(Source records)

+---+

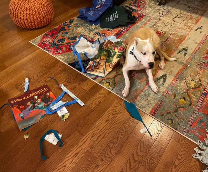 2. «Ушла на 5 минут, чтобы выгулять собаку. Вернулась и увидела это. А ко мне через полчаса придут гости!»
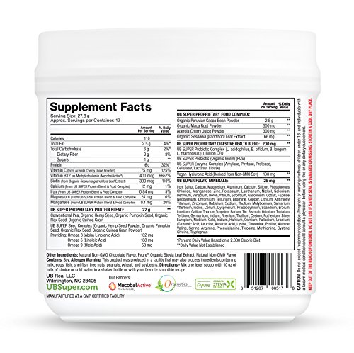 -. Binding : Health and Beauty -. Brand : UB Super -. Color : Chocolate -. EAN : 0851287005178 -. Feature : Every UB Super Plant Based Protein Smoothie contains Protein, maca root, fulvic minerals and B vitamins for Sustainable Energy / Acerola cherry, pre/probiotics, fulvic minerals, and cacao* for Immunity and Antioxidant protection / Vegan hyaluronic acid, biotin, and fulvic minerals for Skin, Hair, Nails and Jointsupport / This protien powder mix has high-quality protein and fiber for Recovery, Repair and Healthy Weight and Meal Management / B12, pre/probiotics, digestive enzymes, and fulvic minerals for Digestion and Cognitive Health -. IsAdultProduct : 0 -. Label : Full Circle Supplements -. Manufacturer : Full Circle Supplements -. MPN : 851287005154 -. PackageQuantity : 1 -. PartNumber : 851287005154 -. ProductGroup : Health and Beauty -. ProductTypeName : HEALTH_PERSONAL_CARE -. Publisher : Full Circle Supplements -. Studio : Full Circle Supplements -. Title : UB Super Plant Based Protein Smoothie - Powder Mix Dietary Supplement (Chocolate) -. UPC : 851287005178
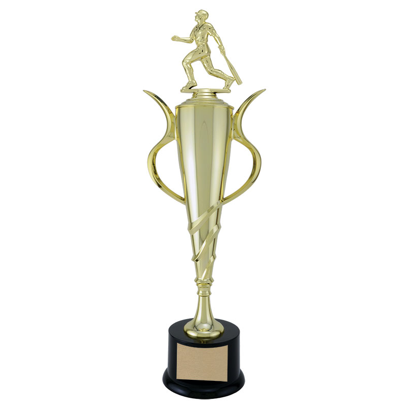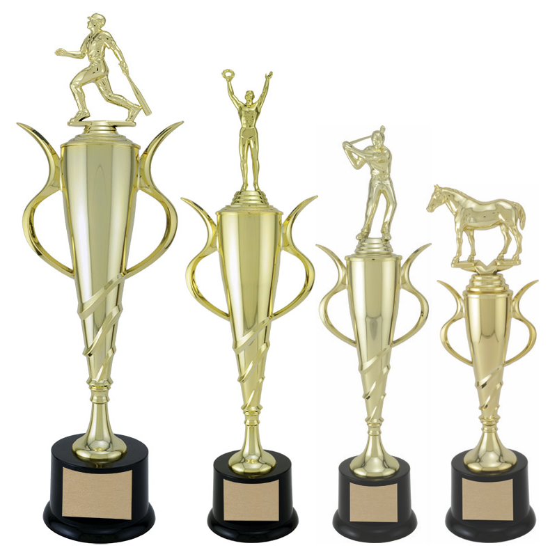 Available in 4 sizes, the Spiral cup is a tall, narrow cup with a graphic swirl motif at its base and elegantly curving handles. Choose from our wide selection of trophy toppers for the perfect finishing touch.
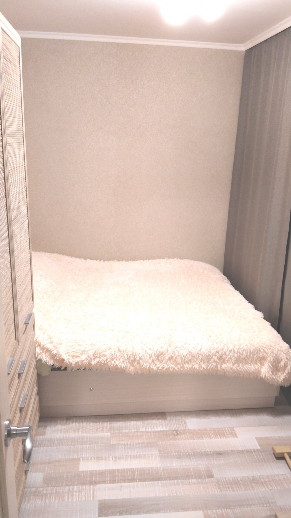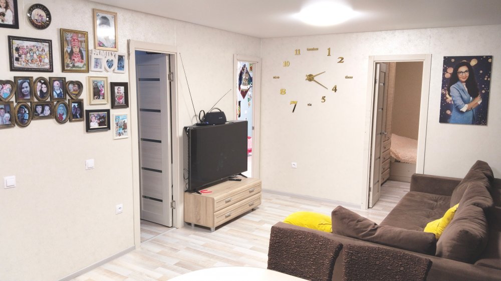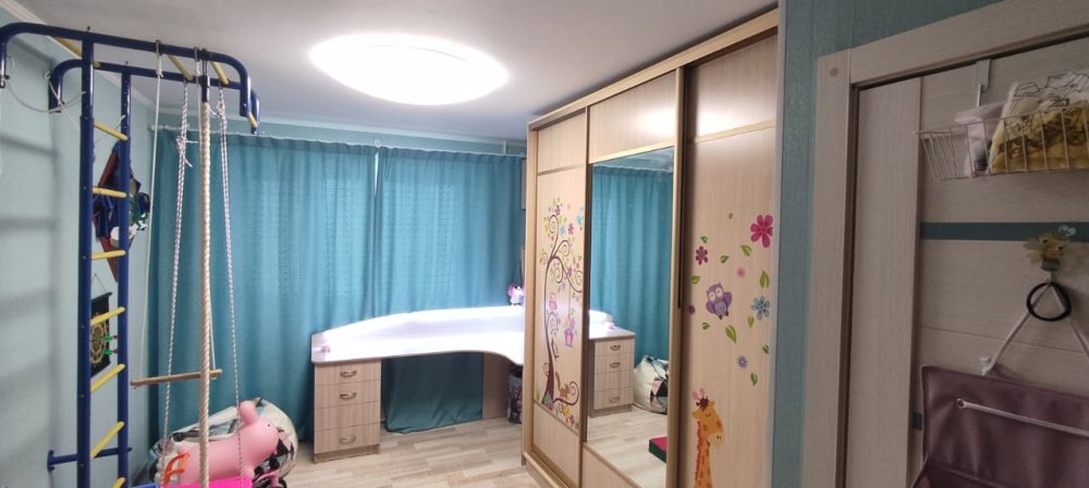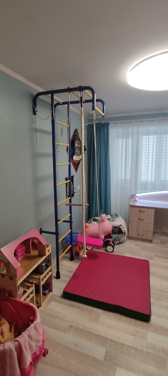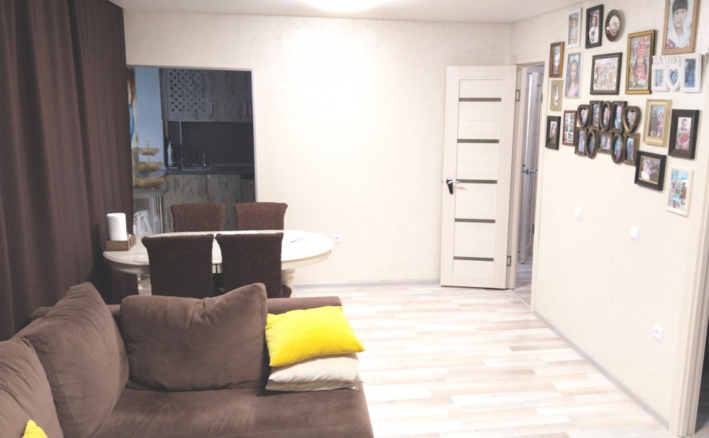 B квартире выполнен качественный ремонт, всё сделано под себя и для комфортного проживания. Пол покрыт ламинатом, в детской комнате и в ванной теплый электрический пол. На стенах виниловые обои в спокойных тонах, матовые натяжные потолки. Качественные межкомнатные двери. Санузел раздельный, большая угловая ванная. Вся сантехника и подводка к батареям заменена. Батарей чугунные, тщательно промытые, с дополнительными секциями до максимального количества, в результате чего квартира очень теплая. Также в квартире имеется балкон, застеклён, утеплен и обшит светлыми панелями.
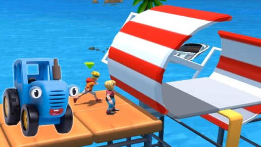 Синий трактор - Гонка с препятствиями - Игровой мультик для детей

+---+

▶ **BRIEF**:
Since the pictures are not wanted, copy only the text of the records above, exactly.

▶ **THE COMPLETED TASK**:
 2. «Ушла на 5 минут, чтобы выгулять собаку. Вернулась и увидела это. А ко мне через полчаса придут гости!»
 -. Binding : Health and Beauty -. Brand : UB Super -. Color : Chocolate -. EAN : 0851287005178 -. Feature : Every UB Super Plant Based Protein Smoothie contains Protein, maca root, fulvic minerals and B vitamins for Sustainable Energy / Acerola cherry, pre/probiotics, fulvic minerals, and cacao* for Immunity and Antioxidant protection / Vegan hyaluronic acid, biotin, and fulvic minerals for Skin, Hair, Nails and Jointsupport / This protien powder mix has high-quality protein and fiber for Recovery, Repair and Healthy Weight and Meal Management / B12, pre/probiotics, digestive enzymes, and fulvic minerals for Digestion and Cognitive Health -. IsAdultProduct : 0 -. Label : Full Circle Supplements -. Manufacturer : Full Circle Supplements -. MPN : 851287005154 -. PackageQuantity : 1 -. PartNumber : 851287005154 -. ProductGroup : Health and Beauty -. ProductTypeName : HEALTH_PERSONAL_CARE -. Publisher : Full Circle Supplements -. Studio : Full Circle Supplements -. Title : UB Super Plant Based Protein Smoothie - Powder Mix Dietary Supplement (Chocolate) -. UPC : 851287005178
 Available in 4 sizes, the Spiral cup is a tall, narrow cup with a graphic swirl motif at its base and elegantly curving handles. Choose from our wide selection of trophy toppers for the perfect finishing touch.
 B квартире выполнен качественный ремонт, всё сделано под себя и для комфортного проживания. Пол покрыт ламинатом, в детской комнате и в ванной теплый электрический пол. На стенах виниловые обои в спокойных тонах, матовые натяжные потолки. Качественные межкомнатные двери. Санузел раздельный, большая угловая ванная. Вся сантехника и подводка к батареям заменена. Батарей чугунные, тщательно промытые, с дополнительными секциями до максимального количества, в результате чего квартира очень теплая. Также в квартире имеется балкон, застеклён, утеплен и обшит светлыми панелями.
 Синий трактор - Гонка с препятствиями - Игровой мультик для детей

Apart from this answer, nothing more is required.